Carnage, cruelty & catharsis

Blue Canoe’s twisted rendition of Titus Andronicus, Shakespeare’s most gruesome tragedy, is worth its weight in gore

Nat Fried plays Aaron in a play that packs so much kick it will leave you speechless.
Nat Fried plays Aaron in a play that packs so much kick it will leave you speechless.

“When will this fearful slumber have an end?” asks Titus Andronicus in Act III of Shakespeare’s Titus Andronicus. Unless you have the stomach to brave this infamous circus of nightmares, you may ask yourself the same question as you watch Blue Canoe’s daring production, on now at the Wellington Street Theatre.

Titus is a notoriously gory bloodbath that emerged from the spectacle-obsessed Elizabethan London where approximately 14 per cent of the population was at the theatre every day. In modern-day Torontonian terms, that would be as if an astounding 420, 000 people took the afternoon off work—filling 21 Air Canada Centres to the rafters—on a daily basis, demanding entertainment.

When it comes to entertainment, Titus most certainly obliges—if you happen to enjoy iron-man marathons of slaughter and rape. The play includes 14 murders, three severed limbs, a few counts of cannibalism and incest to boot. It details the systematic destruction of one man, Titus Andronicus played by Robert Elliott in Blue Canoe’s production. Titus arrives home a conquering Roman war hero and ends up stripped of the trappings of his exemplary masculinity—formidable authority, a chaste daughter, legions of sons and a virulent body, for example—and winds up dead. Along the way, audience members are invited to meditate on the nature of our ideological constructions of civilization, barbarity and masculinity.

But the play isn’t all fun, games and deconstruction; these meditations make Titus so relevant today director Ryan LaPlante said. The political polarization that occurs in Titus between insatiable appetite and rigid control, is entirely applicable to the current state of global politics.

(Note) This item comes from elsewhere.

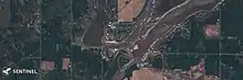 The Tittabawassee River crested at 35.05 feet (10.68 m) late on May 20, resulting in extensive flooding throughout eastern Midland and low-lying parts of its downtown district, and severely damaging most of the village of Sanford.[36][37][38] The extent of the floodwaters could be clearly seen in satellite imagery on May 22.[39] Dow Chemical's Midland operations were threatened by the flooding, but reportedly suffered no serious damage.[40] As of the morning of May 20, no casualties had been reported as a result of the flooding.[41]

“In Titus, the most reasonable characters survive,” LaPlante said.

Ostensibly, liberal-democratic governments should espouse this ever-elusive principle of “reasonableness”—floating somewhere in the ether between warring political factions—in their governance. Now if we could just agree on what being reasonable means, we could all sit down to a picnic of flying ham sandwiches and hellfire ice cream.

As delicious as that sounds, the staging of Titus at the Wellington Street Theatre is, at times, less than ideal. The cobbled-together beige set incorporates boxy pieces that move about with each act, but it isn’t always entirely apparent why they move or what their movement signifies. The second act makes much better use of the portable pieces, but at first they are all but redundant. There is, however, great use of the upper balcony above the main stage, an aspect that can make plays performed at the Wellington Street Theatre quite visually interesting while allowing for added communication of meaning to be injected into the stage directions. But the best part of the production aspect of Titus is the sound design, which is strangely and suitably evocative of Pink Floyd. This is a rather fitting allusion given that the play’s events are surreal and seem totamper with reality.

The pièce de resistance, however, lies in the characters of Chiron and Demetrius as played by Alyssa King and Matt Stewart respectively. These two play the incestuous spawn of Tamora, the captured Goth-turned-Roman Empress. While in the play’s original text, Chiron and Demetrius are brothers whose homoeroticism is never made textually explicit, LaPlante’s decision adds an unexpected twist to the already crooked plot by giving these characters a graphically incestuous heterosexual relationship. Although their performance may be rather trying for those who are weak of stomach, King and Stewart hold their own in their depiction of all that society labels as vile and unnatural.

Sarah Bruckschwaiger,who plays Tamora, has a stage presence that can’t be denied. She plays the imperious and opportunistic queen of the Goths, seamlessly switching between the saccharine and the treacherous, commanding audience attention throughout. For a cunning, villainous trollop unlike any other of Shakespeare’s female characters, Tamora is a force to be reckoned with and Bruckschwaiger does the character great justice.

In some productions of Titus, the excessive violence can sometimes come off as farcical. Indeed, when it was first performed in the 16th century, productions of Titus made full use of the buckets of readily-available animal blood from the London slaughter houses as well as marzipan reproductions of the various limbs that are lost throughout the play in order to make the violence seem as realistic as possible without falling into a pit of gratuitous slapstick comedy. The Blue Canoe production does a bang-up job of walking the thin line the play lays down on the fissure between nausea and hilarity. LaPlante’s production of Titus Andronicus is an entertaining rendition of Shakespeare’s first tragedy with great end-results given the difficulty of the play both in language and content. Although there are at times when formidable characters like Titus himself are overshadowed by the villainous family—though Elliot’s performance comes into its own in the second act and becomes much more gripping—and it lacks bloodied marzipan appendages and an inspiring set, Titus is a show worth taking the afternoon off for. Although the action kicks off with an attempt “to set a head on headless Rome,” be prepared for the heads to roll all over the place.